# Removing Gildan (and other brands) Tags... (UK)



## mleatherba (May 10, 2013)

Hi Guys,

I am building a brand of clothing and i am interested to know the legalities of removing tags from clothing and selling/shipping them worldwide. I will mostly be using the Gildan Softstyle 6400 & 6400L and maybe a other brands as time goes on e.g. B&C...

As far as the Gildan 6400 & 6400L they appear to have 2 layers of labeling. 1 with the Gildan Softstyle logo and the label under it displaying the manufacturing country wash instructions and reference numbers so i was thinking of just cutting off the logo label leaving the second label attached 

I have read a few posts that briefly cover this but i would like to hear more opinions and facts on this topic if possible 

p.s. would anyone know a cheap custom label making company in the UK?? (willing to sew them in myself)

Thanks guys!!!


----------



## boon4376 (Sep 2, 2012)

It is perfectly legal to remove tags from clothing and re-brand them as your own.
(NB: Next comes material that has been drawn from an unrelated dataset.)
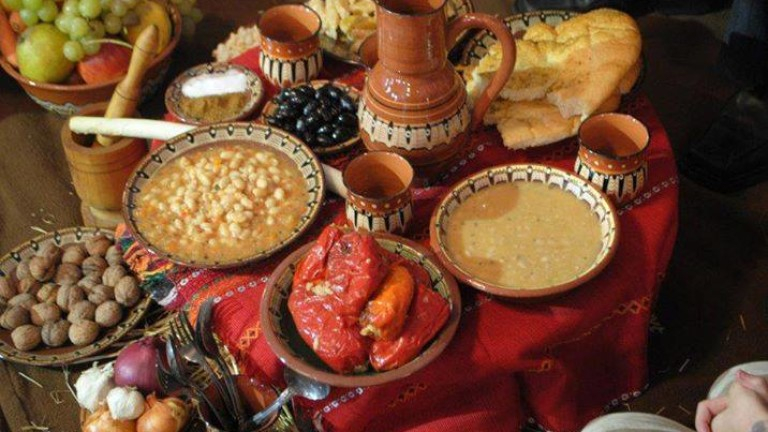 Върху трапезата се нареждат нечетен брой ястия - 7, 9 или 11. Сред тях са пълнени чушки с ориз, сърми, боб, леща, варено жито, баница с тиква, ошав. Според традицията, колкото повече са ястията, толкова по-богата ще е годината.

You can actually run into more problems if you keep their logos on the clothes - for example - you cant go buy a bunch of J. Crew shirts and then put your own designs and branding on them if they still say J. Crew anywhere.
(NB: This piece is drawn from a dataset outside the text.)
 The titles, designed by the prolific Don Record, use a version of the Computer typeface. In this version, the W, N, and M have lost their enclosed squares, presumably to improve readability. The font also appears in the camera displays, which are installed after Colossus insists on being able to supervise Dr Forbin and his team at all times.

Look for a "tear away" label - cutting a label will leave sharp itchy edges. Check out Next Level Apparel - They have very high quality tear away label shirts for good prices... ~$3.00 / unit. More expensive than guildan, but the fabric and fit quality is an order of magnitude higher.


----------



## mleatherba (May 10, 2013)

Awesome! Thanks buddy! When you put it like that it makes allot more sense to remove the tags...


----------